Decorator to create decorators

Notice the boilerplate involved around the decorators This can be a pain if we create a lot of decorators that more or less do similar things. we can put this boiler plate off into a decorator of it’s own Like so:

# TODO

Function Annotations

Static typed languages - like Java - they provide what type of arguments are accepted(what types of values are acceptable for each argument) and what is is the type of returned value.

Python’s response to that is function annotations you can do this:

def add(a: int, b: int) -> int:
  return a+b

We can annotate the function with any expression, not just types of class. Eg, we can use strings, or even inline functions (lambdas)

def add(a: int, b: int) -> "the sum":
  return a+b

Generators

Generator expressions are useful for lazy evaluation but sometimes we need more fine grained control over the iteration, the items being returned, when the loop terminates etc.

You need a real function that you would use to generate the values. then you would have the ultimate control. The function uses yield to return values. When it returns one value, the control is taken away, then some other function runs and when the generator gets the control back, it starts running from where it left off. It runs again till it hits another yield statement.

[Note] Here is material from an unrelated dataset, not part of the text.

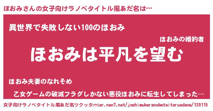 | 胡散臭い通販商品みたいなあだ名 | 『信頼と実績のサプリメント…その名も「ほおみ」』 |

Ex: an generator to generate f nos

def fibonacci(count):
  a, b = 0, 1
  while (count>0):
    c = a+b
    yield c
    a, b = b, c
    count = count - 1

a = fibonacci(5)
list(a)
[0, 1, 1, 2, 3]
list(a)
[] # generators can be iterated only once

list(fibonacci(5))
[0, 1, 1, 2, 3]
list(fibonacci(5)) # here, we are creating a new fibonacci generator everytime
[0, 1, 1, 2, 3]

Lambdas

They are inline, anonymous functions. They are used to provide keys for sorting etc where defining a new function is an overkill

houses.sort(key=lambda h:h.price)

This is like the Comparable interface in Java

lambda: 1

this 🔝 lambda function takes no args and returns 1 whenever it is called eg:

a = lambda : 1 a() 1 a() 1

Also, lambda can accept various args: a = lambda x, y: (y, x) # it can return only 1 thing like a normal function a(1, 2) (2, 1)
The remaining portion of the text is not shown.